Book Narrating Postcolonial Arab Nations

Download or read book Narrating Postcolonial Arab Nations written by Lindsey Moore and published by Routledge. This book was released on 2017-10-30 with total page 242 pages. Available in PDF, EPUB and Kindle. Book excerpt: Narrating Postcolonial Arab Nations significantly enhances the interface between postcolonial literary studies and the hitherto under-studied Arab world. Lindsey Moore brings together canonical and less familiar Arab novels and memoirs from the last half century to consider colonial continuities and consequences. Literary narratives are shown to oppose repressive versions of nationalism and to track desire lines toward more hospitable nations. The literatures discussed in this book enable a deeper historical understanding of twenty-first century Arab uprisings and their aftermaths. The book analyzes four rich sites of literary production: Egypt, Algeria, Lebanon, and Palestine. Moore explores ways in which authors critique particular nation-state formations and decolonizing histories, engage the general problematic of ‘the nation’, and redefine, repurpose, and transcend national literary canons. Chapter One contrasts Egyptian literary representations of popular revolt with official revolutionary discourse. Chapter Two addresses the enduring legacy of anti-colonial violence in Algeria and the place of Albert Camus in its literature. Chapter Three uses narratives of gender violence on the Beirut front line to reveal the divisibility and intersectional identity politics of postcolonial nation-states. Chapter Four emphasizes ways in which Palestinian memoirs insist upon remembering towards a postcolonial future. The book provides detailed analysis of literary narratives by Etel Adnan, Rabih Alameddine, Alaa al-Aswany, Rachid Boudjedra, Albert Camus, Rashid al-Daïf, Assia Djebar, Ghada Karmi, Naguib Mahfouz, Jean Said Makdisi, Edward Said, Boualem Sansal, Raja Shehadeh, Miral al-Tahawy, and Latifa al-Zayyat. It is an indispensable volume for students and scholars of Postcolonial, Arab, and World literatures.

Book Nation   Narration

Download or read book Nation Narration written by Homi K Bhabha and published by Routledge. This book was released on 2013-04-15 with total page 345 pages. Available in PDF, EPUB and Kindle. Book excerpt: Bhabha, in his preface, writes 'Nations, like narratives, lose their origins in the myths of time and only fully encounter their horizons in the mind's eye'. From this seemingly impossibly metaphorical beginning, this volume confronts the realities of the concept of nationhood as it is lived and the profound ambivalence of language as it is written. From Gillian Beer's reading of Virginia Woolf, Rachel Bowlby's cultural history of Uncle Tom's Cabin and Francis Mulhern's study of Leaviste's 'English ethics'; to Doris Sommer's study of the 'magical realism' of Latin American fiction and Sneja Gunew's analysis of Australian writing, Nation and Narration is a celebration of the fact that English is no longer an English national consciousness, which is not nationalist, but is the only thing that will give us an international dimension.
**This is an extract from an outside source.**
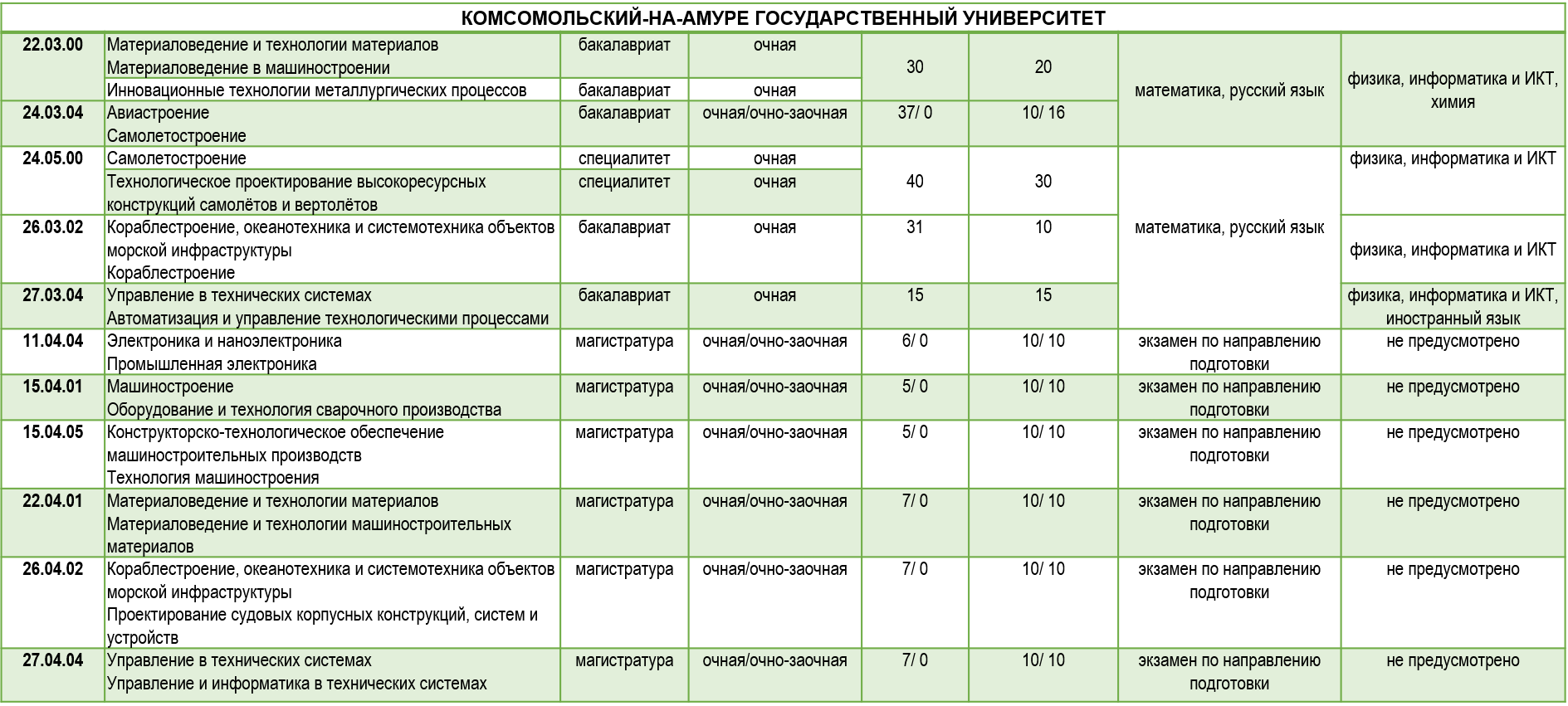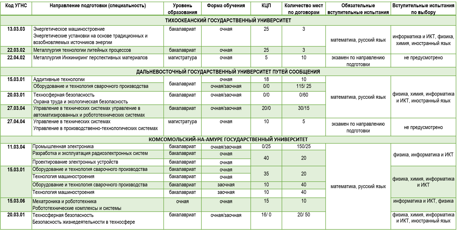 высшие учебные заведения, основные специальности

Book Narrating South Asian Partition

Download or read book Narrating South Asian Partition written by Anindya Raychaudhuri and published by Oxford University Press. This book was released on 2019-06-03 with total page 288 pages. Available in PDF, EPUB and Kindle. Book excerpt: The history of the 1947 Indian/Pakistani partition is one of separation: a country and people newly divided. However, in telling this story, Anindya Raychaudhuri, the son of a partition participant, looks to unity, joining for the first time the public and private memory narratives of this pivotal moment in time. Narrating Partition features in-depth interviews with more than 120 individuals across India, Pakistan, Bangladesh, and the United Kingdom, each reflecting on a direct or inherited experience of the 1947 Indian/Pakistani partition. Through the collection of these oral history narratives, Raychaudhuri is able to place them into comparison with the literary, cinematic, and artistic representations of partition, and in doing so, examine the ways this event is remembered, re-interpreted, and reconstructed--and the narrator's role in this process. These stories also reflect on the themes of home, family, violence, childhood, trains, and rivers within these public and private narratives. Crucially, Raychaudhuri is the first writer to use oral history in addressing the Bengal/Punjab partition as part of this same event, examining the memorial legacy in both the Bengali and Punjabi communities.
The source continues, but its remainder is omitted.